We're using faster-whisper — a community-optimized port of Whisper that runs 4-8x faster than the reference implementation with the same accuracy.

# Install faster-whisper
pip install faster-whisper

# Or with uv (recommended):
uv pip install faster-whisper

Test it immediately with a quick Python snippet:

test_whisper.py
from faster_whisper import WhisperModel

# Use "base" for speed, "small" for accuracy, "large-v3" for best
model = WhisperModel("base", device="cpu", compute_type="int8")

segments, info = model.transcribe("your_audio.wav", beam_size=5)

for segment in segments:
    print(f"[{segment.start:.2f}s → {segment.end:.2f}s] {segment.text}")

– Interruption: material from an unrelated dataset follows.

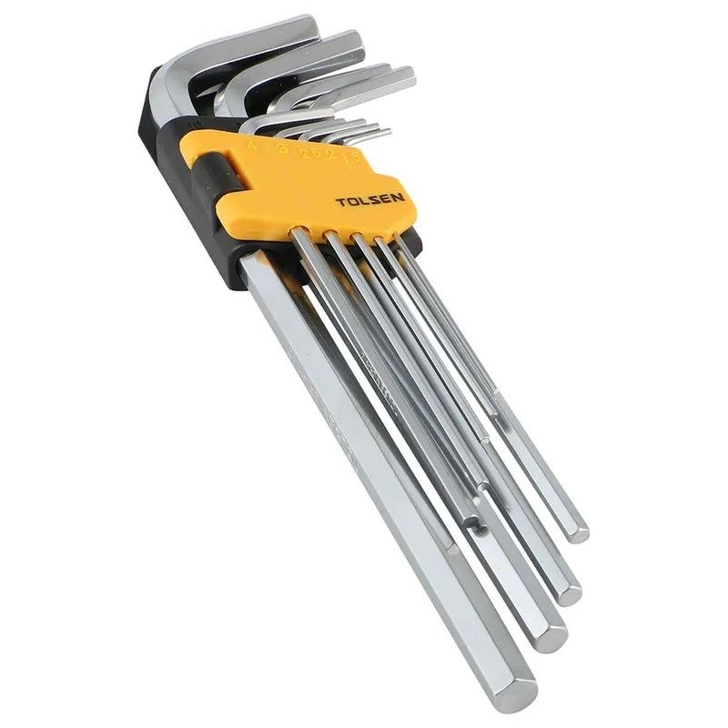 Шестигранні ключі Tolsen призначені для закручування/відкручування кріпильних елементів (гвинтів, гайок, шурупів) з внутрішнім шестигранником в перетині. Комплект з 9-ти однотипних ключів різного розміру підходить для використання майстрами в будь-якій галузі.

Model size guide for 2026 hardware:

ModelSizeSpeed (M2)Best For
tiny75 MB~80ms/utteranceWake word / low-power
base145 MB~150ms/utteranceDaily driver (recommended)
small466 MB~250ms/utteranceAccents, mixed language
large-v31.5 GB~600ms/utteranceMax accuracy, M3 Pro+

Capture Audio on Any Device

For desktop (macOS/Linux), use sounddeviceto capture from your microphone with a push-to-talk hotkey:

record_and_transcribe.py
import sounddevice as sd
import numpy as np
import scipy.io.wavfile as wavfile
from faster_whisper import WhisperModel
import tempfile, os

SAMPLE_RATE = 16000
DURATION = 8  # seconds to record

model = WhisperModel("base", device="cpu", compute_type="int8")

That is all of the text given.